Although it seems clear that elicitation methods should avoid labels such as “medical error” or “diagnostic error” when inviting reports about patient experiences, the preferred alternative is less apparent. Asking about “feeling unsafe” extrapolates imperfectly to diagnostic experiences and may be unduly influenced by respondents’ prevailing level of trust in the healthcare system. If patients from certain backgrounds or with particular prior experiences are more likely to mistrust healthcare providers, they may never “feel safe,” regardless of their recent experiences.
One promising alternative would be to ask patients about “mistakes and problems” in obtaining a diagnosis, although this option has yet to be tested in any studies in the peer-reviewed literature. Framing experiences in terms of “mistakes” is more approachable than framing as “diagnostic errors,” since an error is seen by patients as implying culpability for the problem. Expanding the scope to also include “problems” encourages reporting of adverse events where patients and families do not necessarily blame clinicians for negative outcomes.6 Whatever the specific wording, a sensible goal would be to broaden the scope of experiences being reported, in order to collect actionable feedback about as many diagnostic mishaps or concerns as possible.
Which Aspects of Diagnosis-Related Experiences Should Be Elicited and Reported?
The Challenge: Most studies eliciting patient experience with medical errors focus on the adverse event itself: the nature of the perceived medical mishap, the factors associated with its emergence, and the immediate harms it caused.19 To illustrate, the largest survey to collect narrative accounts from hospitalized patients about their safety concerns did so through a sequence of open-ended questions18:
- Please tell us what happened with your concern or experience in as much detail as you can.
- Why do you feel this was a safety concern for you?
- What do you think could be done to stop this from happening again, to you or other patients in the future?

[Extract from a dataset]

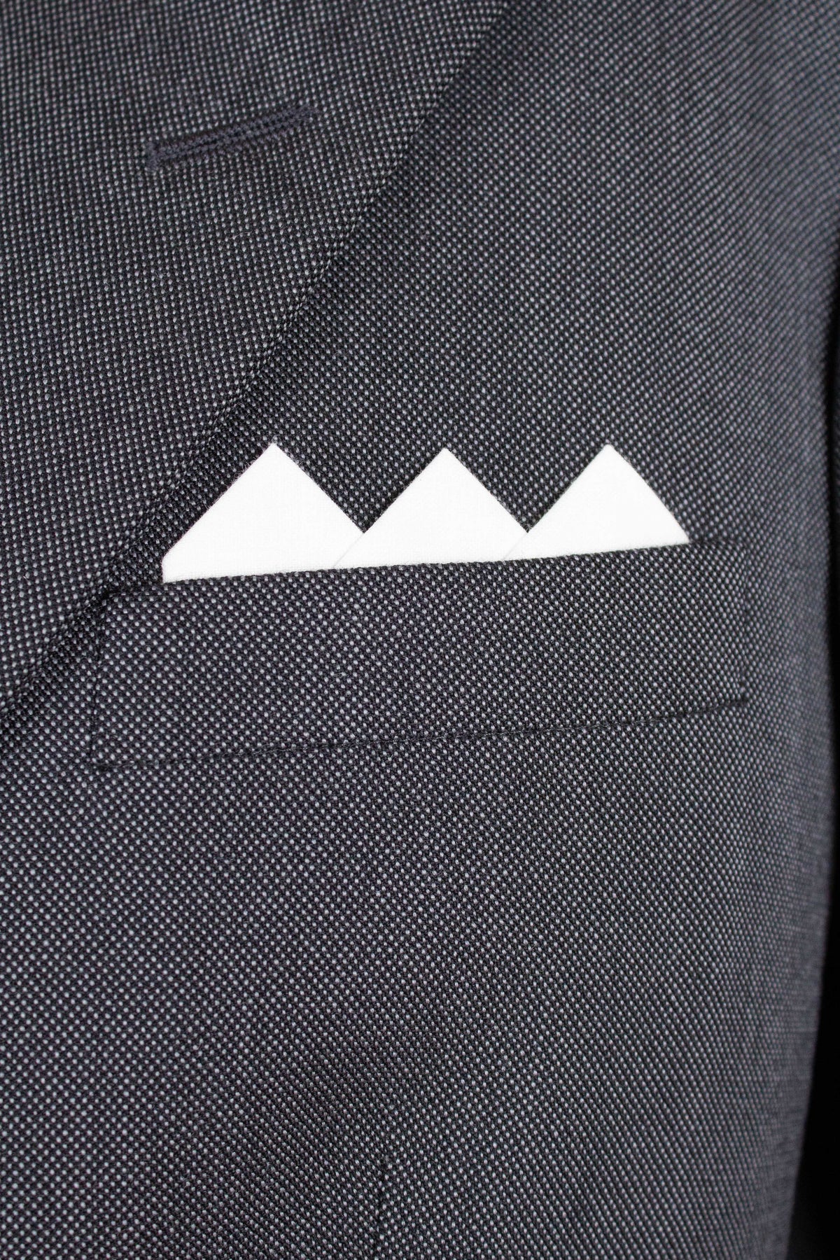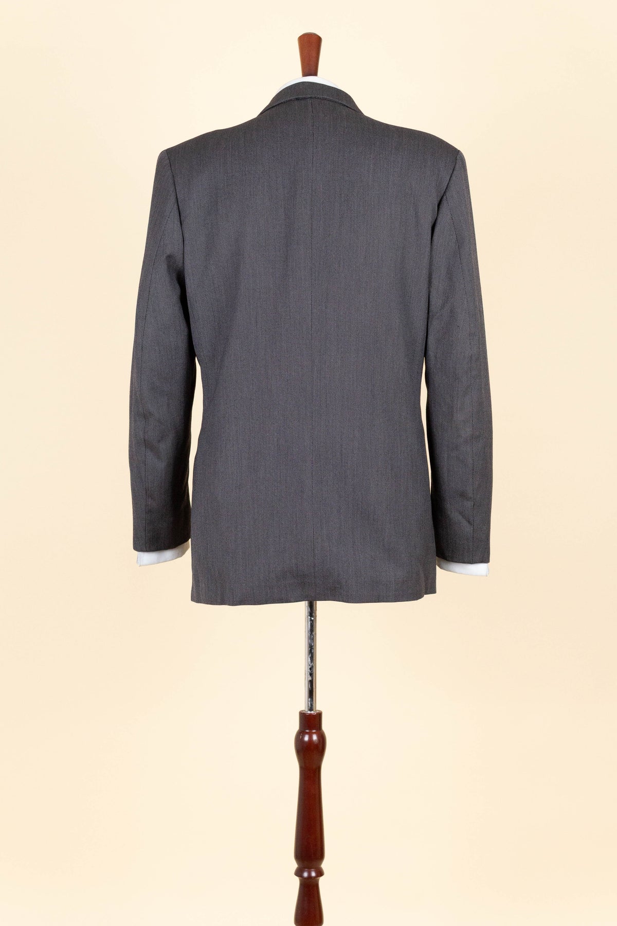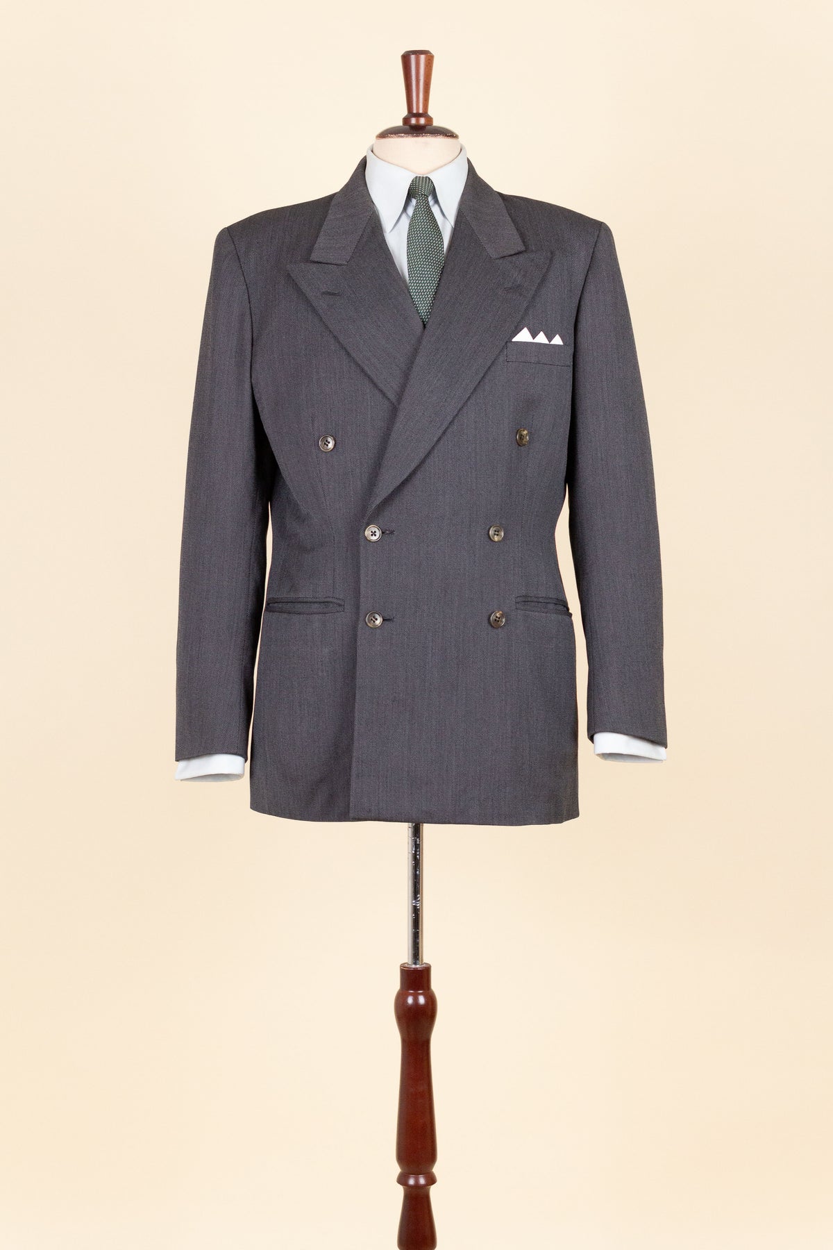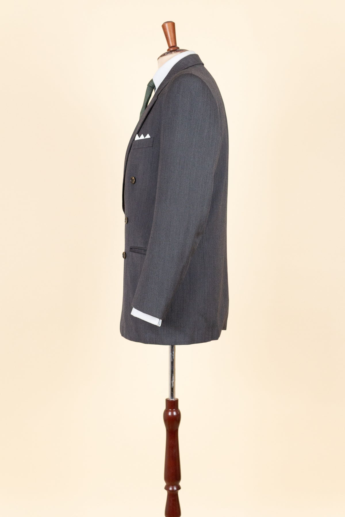 The jacket is double-breasted with three rows of buttons, two of which are functional. It features horizontal jetted front pockets and a breast pocket. There is a buttonhole on each lapel. The back is straight and closed, with no vent. Inside, it is fully lined and has three inner pockets: one large pocket on each side and a smaller pocket on the left-hand side.

This type of wording is the norm for collecting patient narratives related to safety issues. The focus of questions is on the immediate antecedents and outcomes of the adverse event. By narrowing the scope of inquiry in this manner, researchers hope to have patients and families report on the aspects of their experience that are closest to the adverse event in question.10,18,20,21
But this approach has notable shortcomings. First, it focuses only on the actions, attitudes, and circumstances associated with preventable events. Given the uncertainties inherent in diagnosis, a portion of adverse diagnostic events that are not always preventable would be missed. Those that are identified in research as not being preventable have been shown to affect patients’ well-being as severely as preventable errors do.22
A second limitation of focusing solely on the adverse event is that the ways patients and clinicians interact in the aftermath of that event go unreported. The literature on medical errors documents that the long-term harms associated with adverse events are often worsened by clinicians’ actions after the event. Some cases involve actions they fail to take, while others involve actions clinicians or healthcare systems do take that make matters worse for patients and their families.23,24
Conversely, the negative consequences that follow medical errors and adverse events can be partly mitigated by effective communication in the aftermath of the incident.25,26 Although these remedial benefits from communication have been amply documented for treatment errors, we know less about their benefits after diagnostic mishaps. More effective learning from patient and family accounts could help identify whether and when mitigation efforts were more or less effective for diagnostic-related experiences.27,28
Potential Response: Because past studies of perceived diagnostic mishaps have not focused on interactions between patients and clinicians after the adverse event, the peer-reviewed literature has no evidence about their prevalence or impact on patient well-being. Nor do we have any evidence on how best to elicit experiences in the aftermath of a diagnostic mishap.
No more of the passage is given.